For all the shit that we say to each other, the one thing that brings us together is that we don’t care. Not about anything. We’re both Nautili in this world of liberal sensuality and deprecation. Underneath Brett’s protective onion he has a big heart. The world just fucked him over in the past, like it did mine. Tantric bromance.

“Seriously though, how are you doing?” Brett asks, as he pulls out a pack of Belmonts and hands one of its contents to me. I grasp it with a careful motion in an attempt to hide my desperation for a sense of physical amelioration that is the dreaded cigarette. I mutter a quick thanks to him as I pull out my crimson fire-starter and light the cancer-stick that I had quickly placed onto the corner of my mouth.

Inhaling the smog never felt so good.

I half-expect him to say that sex feels much better than a Belmont, but he’s smarter than that, he’s had enough grass thrown at his face for a night.

I keep the tar—the chemicals—the cancer inside of me, much longer than I should have, savoring death’s puckered lips as it coalesces inside. Satisfied, I exhale through my nose, enjoying the burning tinge as it escapes my inner cavity.

I stare at the highway, which, at the moment, is empty, as though the entire world has given me the privacy to expunge my feelings, like some X-Factor bullshit.

I tell him that I’m okay. I don’t look at him. He knows me too well, each and every layer of my onion. I keep my eyes focused on the sidewalk of the road where a scuffle is currently taking place. Two drunk individuals—a man and a woman—the woman screaming as she flails her arms about like an inflatable man at a car dealership, the man stands idle, passive.

“How’s you and Emily?” I ask.

“We’re good, bro. We’re good,” He tells me. I can tell that he’s happy, which is a good thing. It’s been awhile since he’s been that way, though it seems that we experience the polar opposite of what each other is feeling.

Today he is smiling. Tonight, I am frowning.

I ask him if he loves her. He pauses, considering the implication. Brett looks at me and says, “Yeah, I think I do. I think I can—I think I can love her.”

“Have you told her?” I ask, grey plumes exiting my mouth each time I utter a word.

“No, I’m waiting for her to say it first, as penance,” he says, his mouth stretched like that of a Cheshire.

“What for?”

He chuckles, “For breaking up with me a year and a half ago.”

“Ah well, I’m glad you guys are back together,” I tell him sheepishly.

“Sometimes I say it in my head whenever I’m with her, ‘Can I just tell you that I love you, cause I really love you’ and then it turns out that I’ve been staring at her without saying anything, anything at all, for a really, really long period of time,” He says, embarrassed.

We both laugh at this. We laugh at how incredulous the notion is yet how to true to home it sounds. What is love in this day and age anyways? I theorize that it might just be something superficial, akin to everything else.

After this momentary lapse of levity, everything turns quiet, everything, even the wind, becomes still.

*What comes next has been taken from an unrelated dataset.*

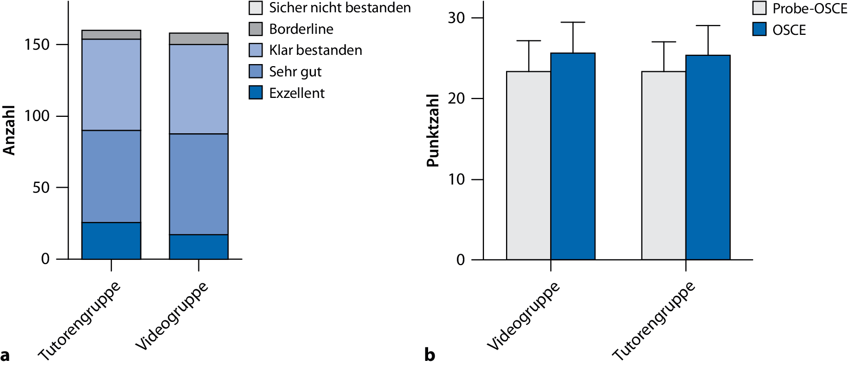 Gemäß dem Global Rating Score, der am Ende der Prüfung durch die jeweiligen Prüfer vergeben wurde (Abb. 2a), wurden die Prüfungen bei über 60 % der Studierenden „exzellent“ bis „sehr gut“ bestanden, und bei über 95 % wurde als schlechteste Einschätzung ein „klar bestanden“ vergeben. Bei nur wenigen Studierenden wurde die Prüfungsleistung als „borderline“ eingeschätzt, keiner der Studierenden hat die Prüfung nicht bestanden (Abb. 2a). Auch hier konnte kein von der Lehrmethode abhängiger Unterschied festgestellt werden.

We don’t speak. Not even a word.

The cigarette is nearly culled; the visible reddish hue amongst the lingering ash consumes the last of what was once ingestible. I keep the smoke inside of me for as long as I can, maintaining the buzz if not just for a little while longer, even if it burns.

Brett looks at me as I fumigate. The smoke: thick, dense, and longing to be dispersed. “You know, sex feels a lot better than a cigarette,” he says.

“Yeah, well at least I’m fairly close.” I chuckle, lamenting on how spot on I was. I stare at it, the smoke, as it experiences the freedom of the moonlit sky, and the briskness of the stagnant air, and then disappears.